Key Takeaways
- Rental cost gap is significant: New factories in Arab Malaysian Industrial Park Nilai start at approximately RM60,000/month, while older units are priced at RM1.60–RM2.20 per square foot built-up (e.g. RM12,500/month for a 6,000 sqft semi-D).
- Renovation costs can offset rental savings: Older factories typically require RM400,000–RM500,000 in renovation – a cost that needs to be factored into your total occupancy budget.
- Hidden gem found: XME Business Park Nilai offers semi-D factory rentals from RM11,000/month for 6,355–6,457 sqft units with 30ft ceiling height, providing a modern option at a lower price point.
- Location advantages remain strong: Arab Malaysian Industrial Park enjoys direct access to the ELITE highway (PLUS), close to KLIA and Port Klang, making it a strategic logistics hub.
- Decision depends on capital availability: If you have renovation budget and need lower monthly rent, older units can be viable; if you want move-in ready with higher rent, choose new builds.
Current Rental & Sale Prices in Arab Malaysian Industrial Park Nilai (2026)
Arab Malaysian Industrial Park (AMIP) in Nilai, Negeri Sembilan, continues to be one of the most cost‑competitive industrial locations within the Greater Klang Valley corridor. Based on verified listings from PropertyGuru, iProperty, and factoryhub.my, here are the current benchmarks:
Rental Prices
| Property Type |
Rental Rate |
Example Monthly Rent |
Source / Notes |
| New detached factory (freehold, large) |
~RM60,000/month |
RM60,000 (by negotiation) |
Verified listing on factoryhub.my – detached factory in AMIP |
| Older semi-D / detached factory |
RM1.60–RM2.20 psf BU |
RM12,500/mo for 6,000 sqft (RM2.08 psf) |
Multiple listings on PropertyGuru & iProperty |
| Semi-D factory in XME Business Park (newer) |
~RM1.72 psf BU |
RM11,000/mo for ~6,400 sqft |
Factoryhub.my featured listing for 2026 |
| Intermediate terrace factory (older) |
RM1.37 psf BU |
RM15,000/mo for ~10,950 sqft |
iProperty listing (July 2026) |
Important: All rental rates are quoted per square foot of built-up (BU) area, not land area. Older units often have lower base rent but require substantial renovation investment.

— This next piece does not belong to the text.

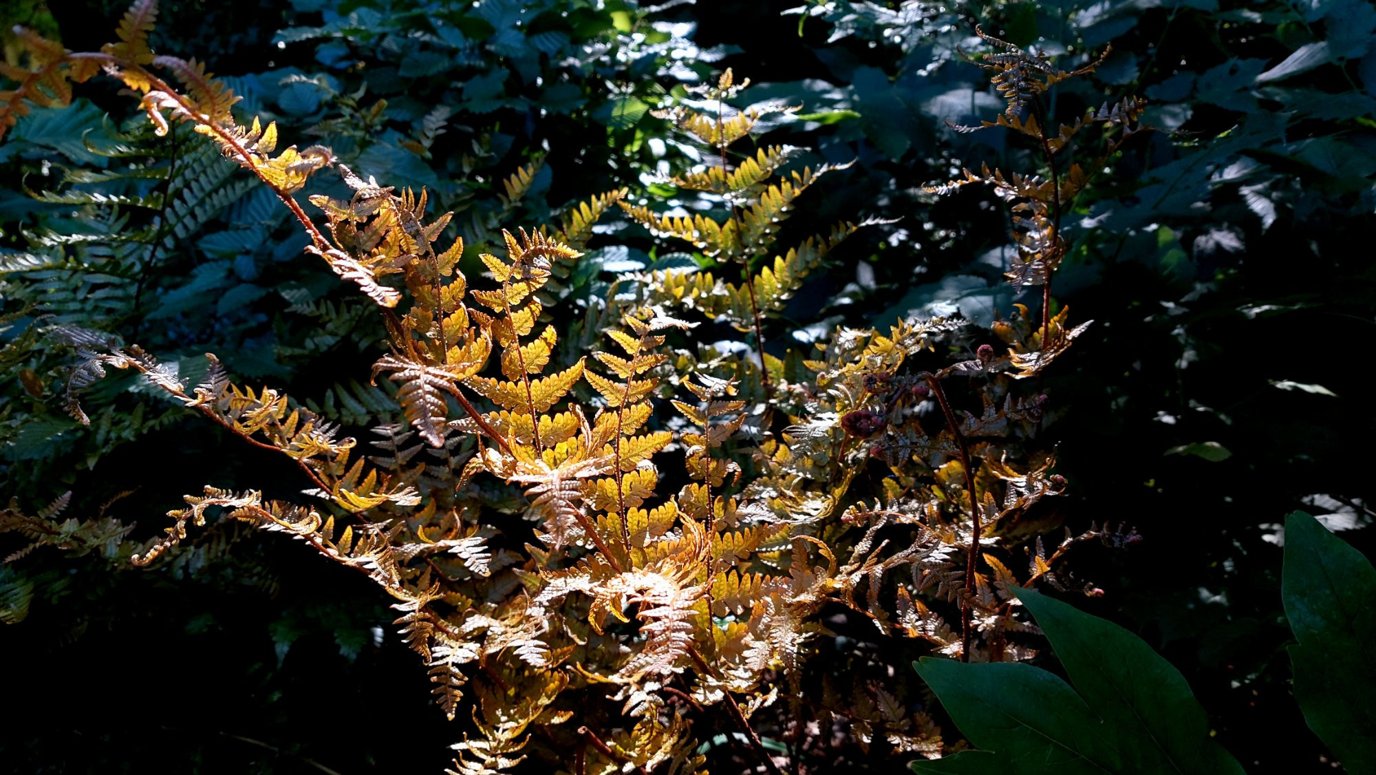 Wenn die Sonne sich in den Schattengarten hereinschleicht - Rotschleierfarn.

Sale Prices (for reference)
| Property |
Price |
Land Area |
Built-Up |
| Freehold detached factory for sale (AMIP) |
RM35,000,000 |
~2.75 acres (119,790 sqft land) |
Not specified |
| Detached factory with 2,850Amp power, 40ft ceiling |
RM34,999,999.97 |
Not specified |
Not specified |
Both sale listings are freehold and located within Arab Malaysian Industrial Park. Prices for industrial land in Nilai generally range from RM50–RM200 psf land, but exact figures vary – contact 016-666 6872 for current quotes.
Top Industrial Zones & Parks in Arab Malaysian Industrial Park Nilai
Arab Malaysian Industrial Park itself is a large master-planned estate. Within the broader Nilai area, several parks and zones compete for tenants. Here is a comparison of key features:
| Industrial Zone / Park |
Typical Rent (RM psf BU) |
Ceiling Height |
Power Supply |
Notable Features |
| Arab Malaysian Industrial Park (AMIP) |
RM1.60–RM2.20 (older) / ~RM60k/mo (new) |
30–40 ft |
Up to 2,850Amp for large units |
Freehold; direct ELITE access; 40ft ceiling option for heavy industry |
| XME Business Park Nilai (managed by Sime Darby) |
~RM1.72 psf |
30 ft |
Standard 3-phase |
Gated & guarded; semi-D units 6,355–6,457 sqft; ideal for light manufacturing & logistics |
| Nilai 7 Industrial Park |
RM1.50–RM1.80 psf (older) |
25–30 ft |
Varies by unit |
Established area; mix of terrace and semi-D factories |
| Bandar Enstek |
Typically higher (newer) |
30–40 ft |
High power available |
Closer to KLIA; newer developments; freehold options |
Current market data from JPPH Property Market Report 2025 shows Nilai’s industrial rental remains 15–20% lower than Klang Valley core areas like Shah Alam or Puchong.
Property Types Available
Detached Factory
- Best for: Heavy manufacturing, high-power requirement, large land footprint.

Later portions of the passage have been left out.